#### [AIM OF THE EXERCISE]
Repeat the following data exactly, omitting pictures.

#### [SUPPLIED DATA]

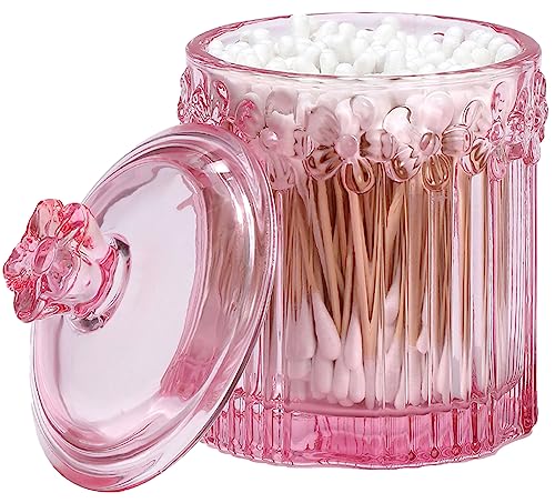 Specification: rejomiik Qtip Holder Glass Apothecary Jars with Lids Set Bathroom Canisters Dispenser Organizers and Storage for Cotton Ball, Cotton Swab, Floss, Pink
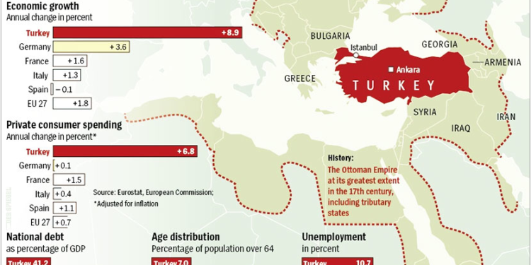 Ο χάρτης που δημοσιεύει το περιοδικό αποτυπώνει αυτά τα οικονομικά στοιχεία που δείχνουν πράγματι ότι η Τουρκία βρίσκεται σε φάση απογείωσης. Το ερώτημα είναι αν θα καταφέρει να μείνει στον αέρα.
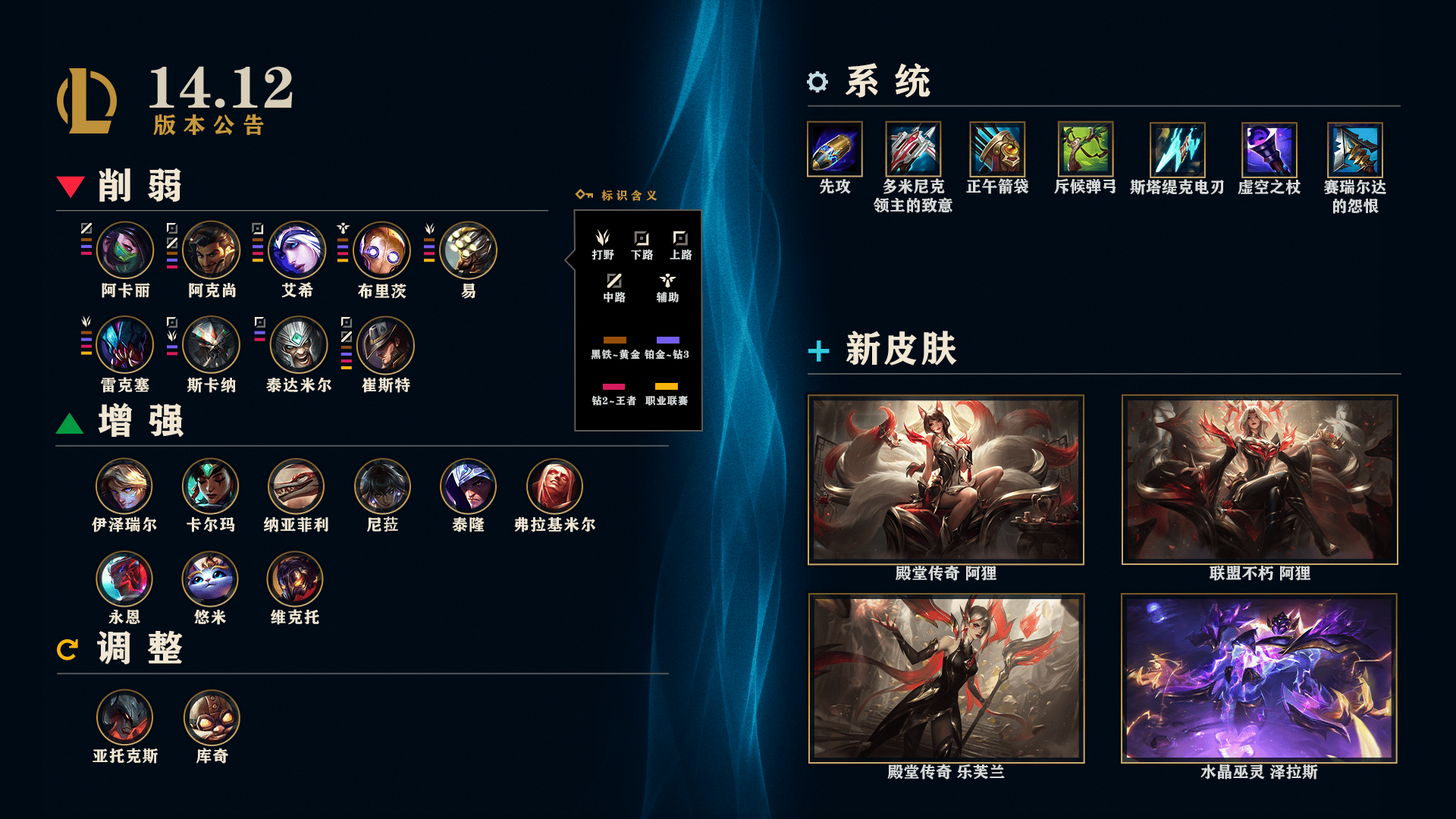国服14.12版本公告:剑魔、飞机调整;蝎子阿卡丽艾希等削弱
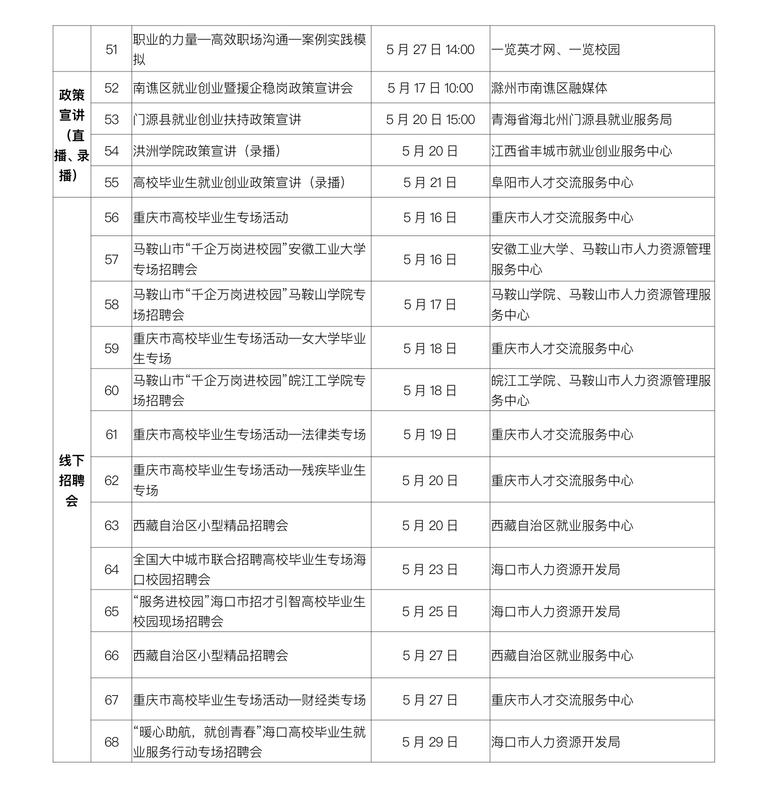 人民网北京5月16日电 (记者宋子节、温璐)近日,人社部2022年大中城市联合招聘高校毕业生专场活动将陆续推出第九批共68场特色服务活动。其中,线上活动55场,包括北京工业大学专场、首都经济贸易大学专场、旅游文化专场、生物医药及医疗卫生专场等线上专场招聘会23场,直播带岗18场,大学生求职陷阱套路、现场求职面试技巧等就业指导和政策宣讲直播(录播)课14场。线下活动13场,分别在重庆、海口、拉萨、马鞍山等地举办。

#### [ANSWER TO THIS TASK]
 Specification: rejomiik Qtip Holder Glass Apothecary Jars with Lids Set Bathroom Canisters Dispenser Organizers and Storage for Cotton Ball, Cotton Swab, Floss, Pink
 Ο χάρτης που δημοσιεύει το περιοδικό αποτυπώνει αυτά τα οικονομικά στοιχεία που δείχνουν πράγματι ότι η Τουρκία βρίσκεται σε φάση απογείωσης. Το ερώτημα είναι αν θα καταφέρει να μείνει στον αέρα.
国服14.12版本公告:剑魔、飞机调整;蝎子阿卡丽艾希等削弱
 人民网北京5月16日电 (记者宋子节、温璐)近日,人社部2022年大中城市联合招聘高校毕业生专场活动将陆续推出第九批共68场特色服务活动。其中,线上活动55场,包括北京工业大学专场、首都经济贸易大学专场、旅游文化专场、生物医药及医疗卫生专场等线上专场招聘会23场,直播带岗18场,大学生求职陷阱套路、现场求职面试技巧等就业指导和政策宣讲直播(录播)课14场。线下活动13场,分别在重庆、海口、拉萨、马鞍山等地举办。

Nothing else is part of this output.